Numerical boundary conditions, such as those described in the exercise, are crucial because they influence the solution over the entire domain. By implementing such methods, we discretize a continuous problem to make it solvable with linear algebra techniques, which is less resource-intensive than solving components directly.
This conversion is especially beneficial for complex systems where intuition from exact methods isn't applicable.

Partial Differential Equations

Partial Differential Equations (PDEs) describe phenomena with more than one independent variable. They are fundamental in expressing laws of nature, from heat distribution to sound waves.
These equations involve partial derivatives and form the backbone for modeling dynamics in various fields such as physics and engineering.
In the exercise, the change in boundary conditions illustrates how different scenarios can lead to alterations in PDEs. When boundaries are shifted, it alters the behavior of the solution over the entire domain.
This requires adjusting equations to ensure conditions match real-world constraints across various instances. Consequently, the task involves ensuring the number of unknowns matches the number of boundary conditions to maintain system consistency.
The nature of PDEs means that solving them often requires sophisticated numerical techniques, given that analytical solutions may not be feasible or might not exist at all.

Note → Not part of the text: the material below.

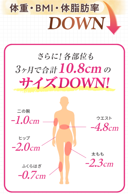 ■体重、BMI、体脂肪率の低下に加え、各部位も3ヶ月で合計10.8cmのサイズDOWN

Sparse Matrix Representation

When solving large systems of equations derived from discretized domains in PDEs, matrices often become very large. However, these matrices can also be sparse, meaning they have numerous zero elements relative to non-zero elements.
Sparse matrix representation is a way to optimize storage and computational resources by focusing only on non-zero elements.
In the exercise scenario, representing the matrix 'A' as a sparse matrix means focusing computational efforts and memory on significant coefficients. This dramatically reduces the computational load, especially when solving large systems with potentially thousands of equations. The format reduces storage requirements and speeds up mathematical operations, which can be crucial for real-time applications or large-scale simulations.
Overall, understanding sparse matrix representation requires an appreciation of data structure optimization and the ability to exploit sparsity in linear systems to harness efficient algorithm performance.